From wide range of stats offered by Google Analytics I would like to highlight only one of them which is reflecting behavior of your site visitors. It is something what  Google named appropriately Visitor Loyalty.

Well as you might guess both are related to same subject of encouraging online customer engagement or rather related subject of measuring its KPI.

Just to add (apology for copy/paste job here) what is whole online customer engagement (CE). Online customer engagement refers to:

1. A social phenomenon enabled by the wide adoption of the internet in the late 1990s and taking off with the technical developments in connection speed (broadband) in the decade that followed. Online CE is qualitatively different from the engagement of consumers offline.

2. The behaviour of customers that engage in online communities revolving, directly or indirectly, around product categories (cycling, sailing) and other consumption topics.
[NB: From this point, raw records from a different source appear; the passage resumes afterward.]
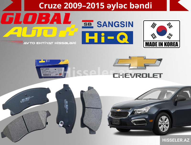 Chevrolet Cruze 2009–2015 modelləri üçün Hi-Q markasının orijinal Cənubi Koreya istehsalı əyləc bəndlərini təqdim edirik.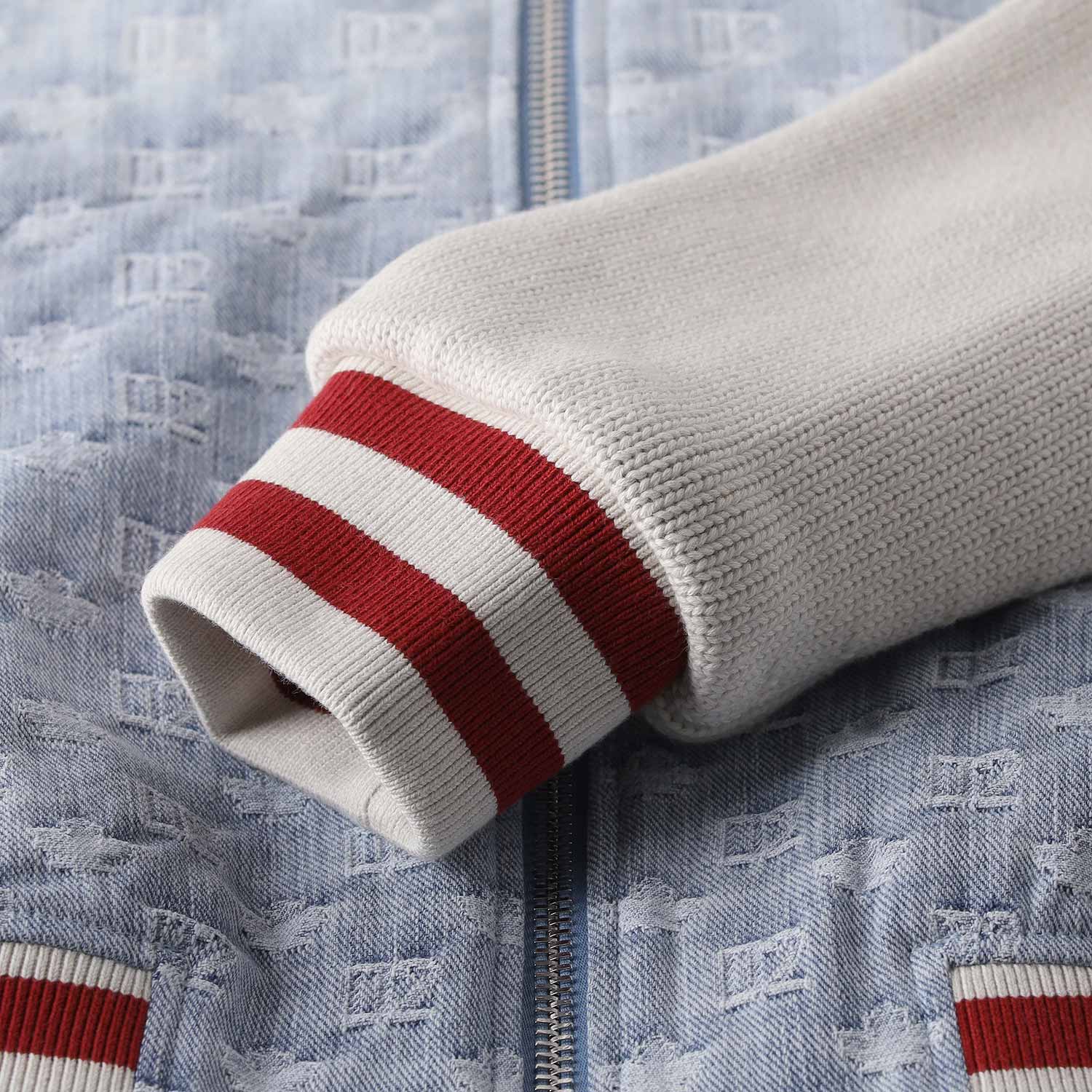Diese Jacke definiert, durch ihre einzigartige Kombination aus hochwertigen Materialien, den Urban-Style neu. Während die Vorderseite aus authentischem Denim für eine robuste Optik sorgt, bieten die Ärmel aus weichem Strick einen außergewöhnlichen Tragekomfort und optimale Bewegungsfreiheit. Die praktischen Seitentaschen mit Reißverschluss verstauen Ihre Essentials sicher und unterstreichen das funktionale Design. Ein moderner Hybrid, der die Lässigkeit einer College Jacke mit dem Charakter einer Jeansjacke verbindet.
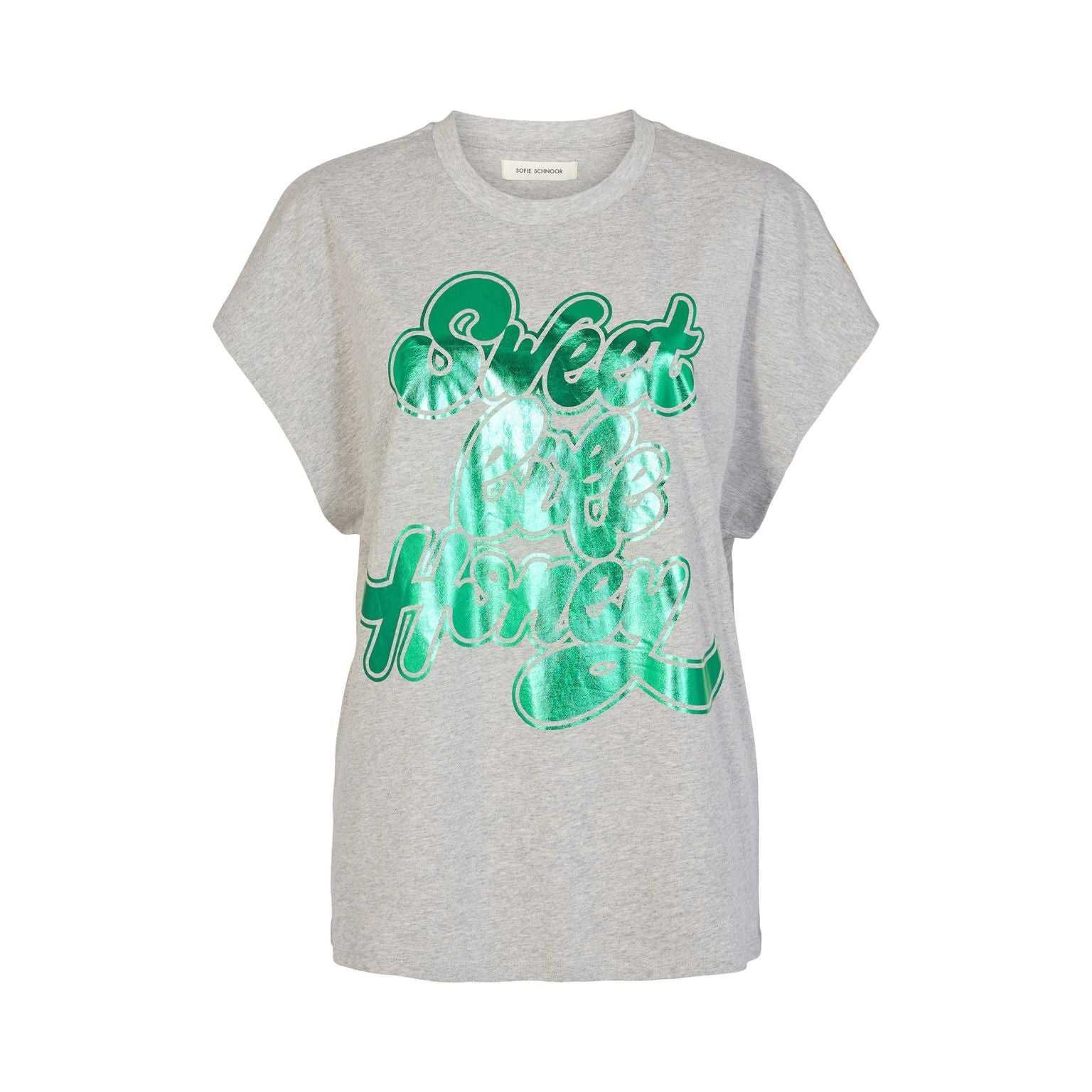 Cool T-shirt fra Sofie Schnoor med brede ærmeudskæring og nice grøn tryk. T-shirten har en oversize pasform.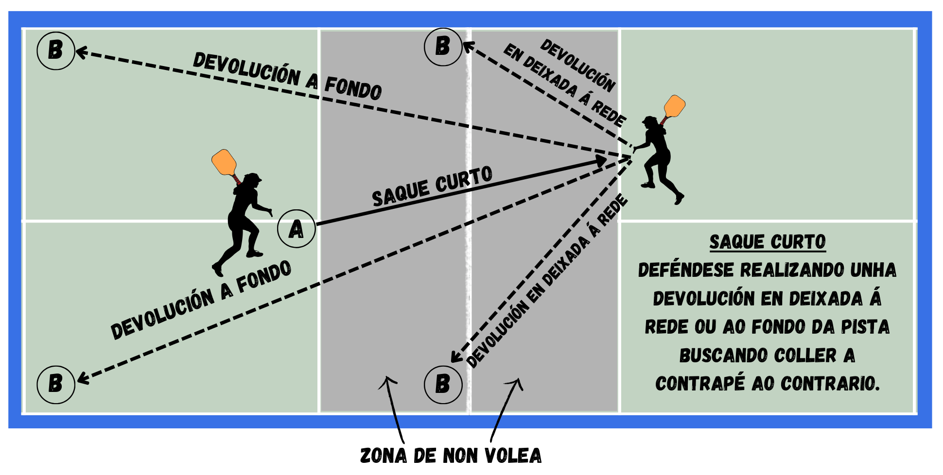 Búscase enviar a bóla ás 4 esquinas do campo rival. O obxectivo de enviala a esas zonas é conseguir que o contrario realice desprazamentos longos e que non chegue a tempo para golpear correctamente.

It details the process that leads to a customer’s positive engagement with the company or offering, as well as the behaviours associated with different degrees of customer engagement.

3. Marketing practices that aim to create, stimulate or influence CE behaviour. Although CE-marketing efforts must be consistent both online and offline, the internet is the basis of CE-marketing.(Eisenberg & Eisenberg 2006:72,81)

4. Metrics that measure the effectiveness of the marketing practices which seek to create, stimulate or influence CE behaviour.

The CE metric is useful for:
a) Planning
b) Measuring Effectiveness
Just to name few of components of a CE-metrics:
* Duration of visit
* Frequency of visit
* % repeat visits
* Recency of visit
* Depth of visit (% of site visited)
* Click-through rate
* RSS feed subscriptions
* Inquiries
* Customer reviews

As I was presenting in one of my previews publications, building online presence it’s not only build website and put it in search engines. In that publication I was trying to motivate or encourage if you would like even small and medium businesses to develop maybe not even process but habit to check those few simple but crucial points. I have proposed simple diagram (presented below) just to keep track of what you doing.

Each point of this diagram is of course separate subject which we could talk hours.  But lets just focus on point 7, as that is where Google Analytics is coming with help.

What is Google Analytics ?

Google Analytics (GA) is a free service offered by Google that generates detailed statistics about the visitors to a website. Its main highlight is that the product is aimed at marketers as opposed to webmasters and technologists from which the industry of web analytics originally grew. It is the most widely used website statistics service, currently in use at around 57% of the 10,000 most popular websites.

Click on the image to view full panel breakdown.

If you refer to CE metric mentioned above and options available on Google Analytics Panel you will be able to see where and for whom this is the tool most spot-on (aka accurate).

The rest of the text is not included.